### Exercise brief
Copy nothing but the lines below, from the one with "10 PIES WITH" through the one with "Arranging our 2024", exactly as written; no pictures should appear.

### Provided entries

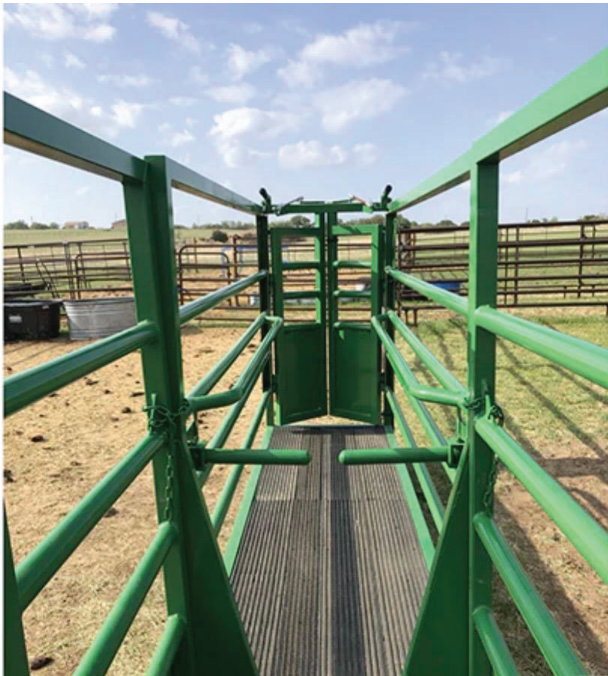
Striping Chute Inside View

* * *

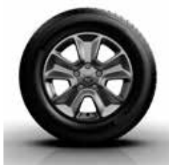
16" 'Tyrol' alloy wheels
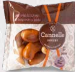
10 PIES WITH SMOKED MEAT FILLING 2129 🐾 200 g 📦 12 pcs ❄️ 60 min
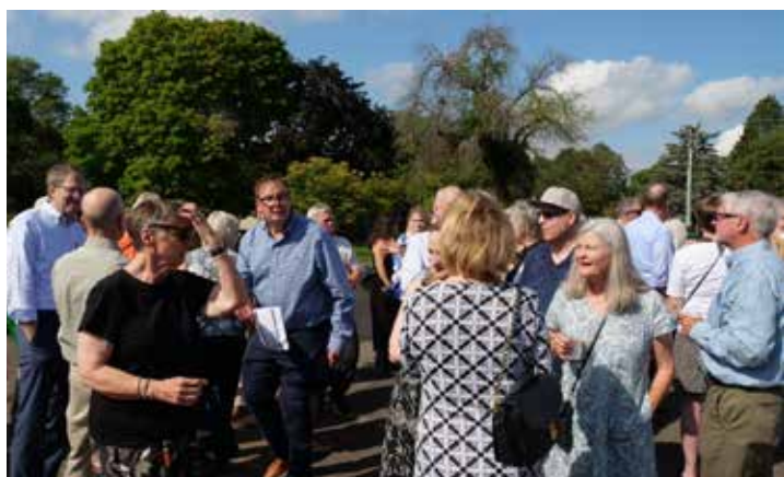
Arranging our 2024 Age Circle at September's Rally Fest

* * *

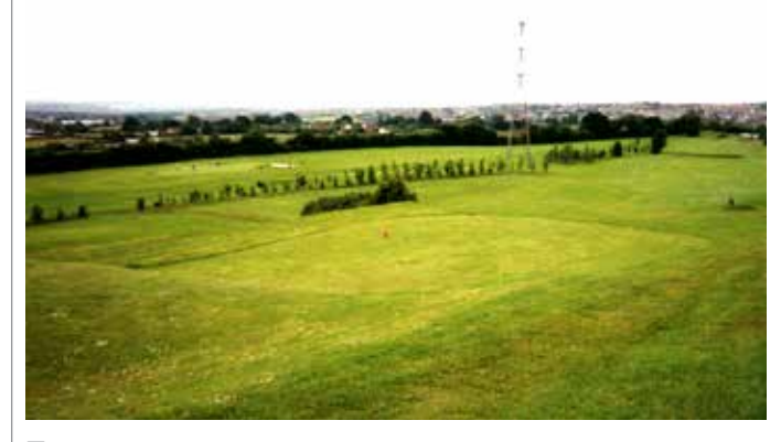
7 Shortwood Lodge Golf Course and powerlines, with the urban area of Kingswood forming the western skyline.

### Result
10 PIES WITH SMOKED MEAT FILLING 2129 🐾 200 g 📦 12 pcs ❄️ 60 min
Arranging our 2024 Age Circle at September's Rally Fest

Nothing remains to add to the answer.